The advantages of our method reside in two major aspects. First, it allows users’ arbitrary selection and ordering of desired dimensions visually in its query interface design. This maximizes the flexibility of users’ queries and provides improved efficiency for constructing an intended query. The deceptively simple user-interface of PGviewer conceals a powerful capability for requesting and presenting any selected permutation of dimensions. For example, the view of OMIM disorders organized according to the Gene Ontology illustrated in is a useful presentation of the phenome, which is analogous to those presentations available in MGI and Flybase. Since, to our knowledge, there are no browsers, which currently provide a view of OMIM disorders using a GO query, the human genomic database viewed by PGviewer proposes an original and useful functional genomic approach to organizing human phenotypes. Second, it visualizes the relations among the informational dimensions using a hierarchical expandable tree based on user-defined queries. In a tree view, duplicate information is reduced to one node and similar information is arranged close to each other. Thus, patterns and structures of genotypic and phenotypic information can be easily perceived. In contrast, in a tabular list containing gene and phenotype relations, the relations would not be obvious if the table contains many entries and is not ordered. Our tool will order the list by gene and phenotype and construct a tree. Thus, associative relations between genes and phenotypes are clear. Other advantages include the ability of handling multiple dimensions from different databases. Our method is general and can be used for any type of multi-dimensional data, although in this paper we focused on genotype-phenotype relations.

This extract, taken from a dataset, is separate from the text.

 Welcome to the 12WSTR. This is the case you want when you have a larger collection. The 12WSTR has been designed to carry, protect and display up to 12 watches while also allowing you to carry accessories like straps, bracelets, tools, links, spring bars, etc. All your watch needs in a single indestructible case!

But it should be noted that our visualization method assumes data integration into one database has occurred and is not aimed at a general solution for integrating heterogeneous biology databases in the level of the data source.

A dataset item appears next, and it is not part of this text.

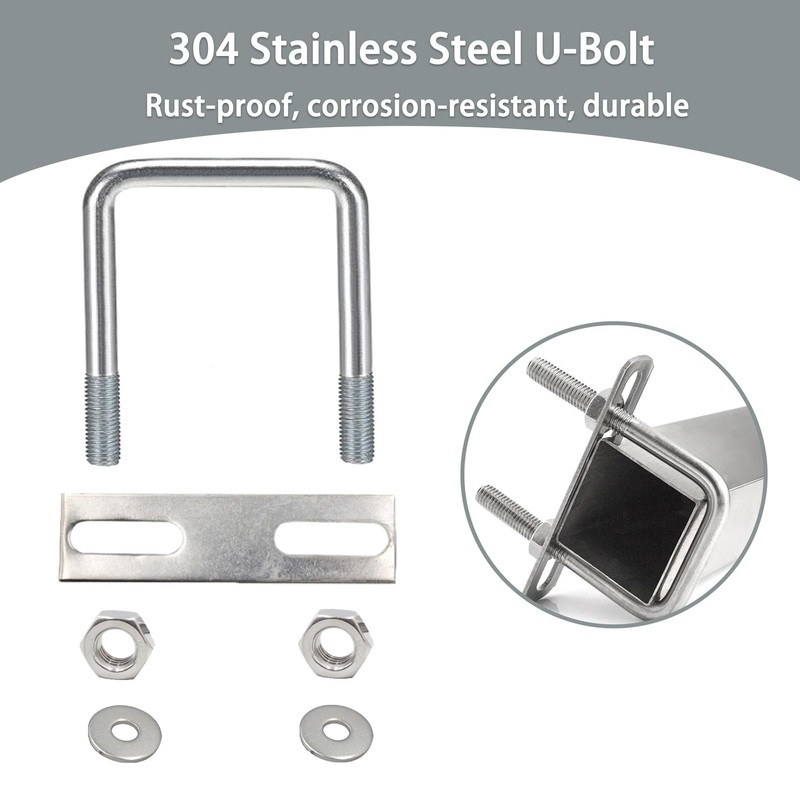 - Stainless Steel U Bolt This large U bolt is made of high quality 304 stainless steel, which is very strong and hard, with clear threads and fine workmanship, no deformation, corrosion resistance and durability, strong tightening force and strong bearing capacity. It is suitable for attaching and connecting mechanical parts or pipes

We realize that there are also limitations in our method. First, the new relations found in our viewer are suggestive but not confirmative because transitions of relations may not be always correct. For example, relations between GO terms and disorders in are suggestive. Locuslink provides relations from genes to GO terms and OMIM specifies the genes associated with disorders. It is possible that only part of the GO terms defines the real molecular mechanisms for breast caner and others are just possible mechanisms. Second, the tree view design cannot show an overview of the whole tree in one screen due to size limitations. Visualization using graphs with small size nodes, such as in some molecular networks (Koike and Rzhetsky 2000
), have been shown to solve this issue. Third, a tree view is not good for showing all the information related to a single object (node) as a graph can, because a node in a tree can only have one parent while a node in a graph can have many different parents as well as different types of relations other than parent-child.
Our future work will involve further refinement and development of PGviewer. The many research issues we will work on will involve 1) developing a more generalizable structure for facilitating the integration of diverse databases and dimensions, and 2) advancing graphical representation of the data so that many different kinds of graphs and views can be obtained.